[Dataset excerpts]
========

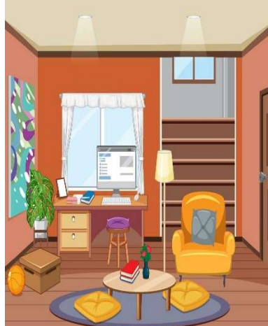
le salon le salon
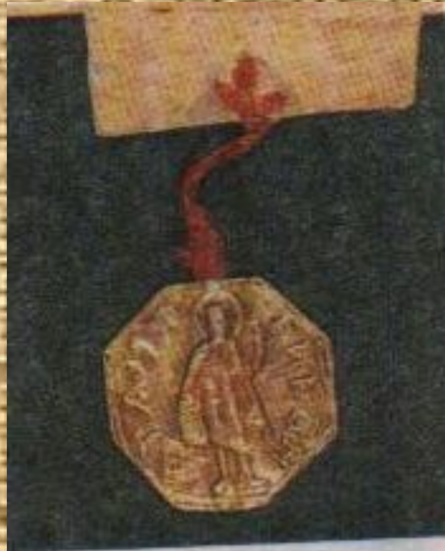
Печать Ивана Калиты
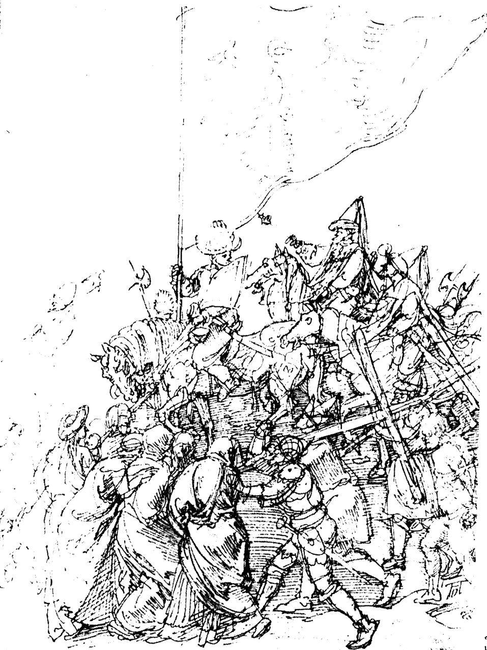
«Groep uit de kruisdraging van Christus» - Dürer.
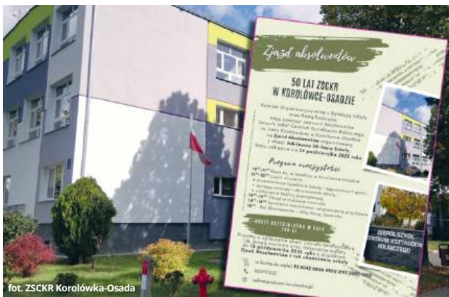
fol. ZSKCR Korolówka-Osada

Część oficjalna przewidziana jest w godzinach 11:00-13:30. Obejmie ona wystąpienia dyrektora szkoły i zaproszonych gości, występy uczniów i absolwentów, a także uroczyste odsłonięcie ta-
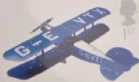
MECCANO Constructor Biplane c1931
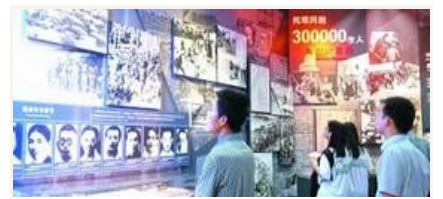
忆昔抚今 重温抗战精神

抗战胜利70周年主题展览开幕 抗战馆专场三天已接待超万人 文物背后的抗战硝烟 纪念抗战胜利主题展将展出照片1170幅文 我军将开展系列活动纪念抗战胜利70周年
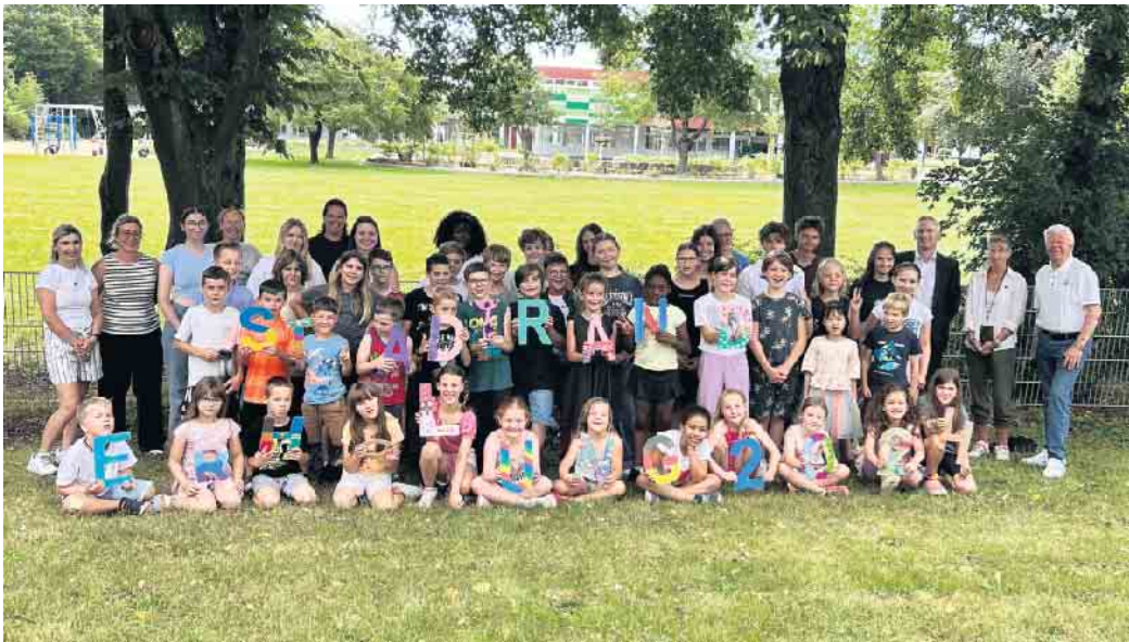
Tolle Erlebnisse und spannende Aktionen wurden auch in diesem Jahr wieder rund 80 Mädchen und Jungen aus dem Stadtgebiet bei der Zülpicher Stadtranderholung geboten hat.
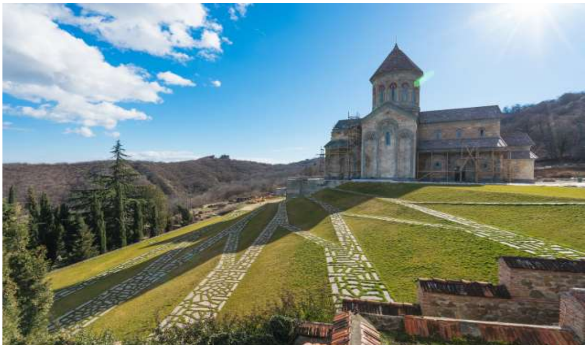
วิหารมากขึ้น วิหารแห่งนี้ได้ชื่อว่าวิหารที่เคยเป็นที่พำนักของร่างองค์เซนต์นินา ศาสดาหญิงผู้เป็นที่เลื่อมใสของชาว

บ่าย นำท่านชมสถานที่สำคัญ ของนิกายออร์ทอดอกซ์ Monastery of Saint Nina (วัดนักบุญนินา) ที่ ซิกนากิ (Signagi) เป็นหนึ่งในสถานที่สำคัญทางศาสนาและประวัติศาสตร์ของจอร์เจีย ซึ่งมีบทบาทสำคัญในกระบวนการเผยแพร่ศาสนาคริสต์ไปยังประเทศจอร์เจียในศตวรรษที่ 4 วิหารโบราณ อดีตเคยใช้เป็นที่พักของนักแสวงบุญเลื่องชื่อของจอร์เจีย สร้างขึ้นราว ๆ ศตวรรษที่ 9 และมีการใช้ประโยชน์ยาวนานต่อเนื่อง ต่อมาในราว ๆ ศตวรรษที่ 17 ได้มีการต่อเติม

========

Above are the records. Copy exactly, and only, the lines from the line containing "MECCANO Constructor Biplane c1931" through the last one, omitting any pictures.

Response to this exercise =
MECCANO Constructor Biplane c1931
忆昔抚今 重温抗战精神

抗战胜利70周年主题展览开幕 抗战馆专场三天已接待超万人 文物背后的抗战硝烟 纪念抗战胜利主题展将展出照片1170幅文 我军将开展系列活动纪念抗战胜利70周年
Tolle Erlebnisse und spannende Aktionen wurden auch in diesem Jahr wieder rund 80 Mädchen und Jungen aus dem Stadtgebiet bei der Zülpicher Stadtranderholung geboten hat.
วิหารมากขึ้น วิหารแห่งนี้ได้ชื่อว่าวิหารที่เคยเป็นที่พำนักของร่างองค์เซนต์นินา ศาสดาหญิงผู้เป็นที่เลื่อมใสของชาว

บ่าย นำท่านชมสถานที่สำคัญ ของนิกายออร์ทอดอกซ์ Monastery of Saint Nina (วัดนักบุญนินา) ที่ ซิกนากิ (Signagi) เป็นหนึ่งในสถานที่สำคัญทางศาสนาและประวัติศาสตร์ของจอร์เจีย ซึ่งมีบทบาทสำคัญในกระบวนการเผยแพร่ศาสนาคริสต์ไปยังประเทศจอร์เจียในศตวรรษที่ 4 วิหารโบราณ อดีตเคยใช้เป็นที่พักของนักแสวงบุญเลื่องชื่อของจอร์เจีย สร้างขึ้นราว ๆ ศตวรรษที่ 9 และมีการใช้ประโยชน์ยาวนานต่อเนื่อง ต่อมาในราว ๆ ศตวรรษที่ 17 ได้มีการต่อเติม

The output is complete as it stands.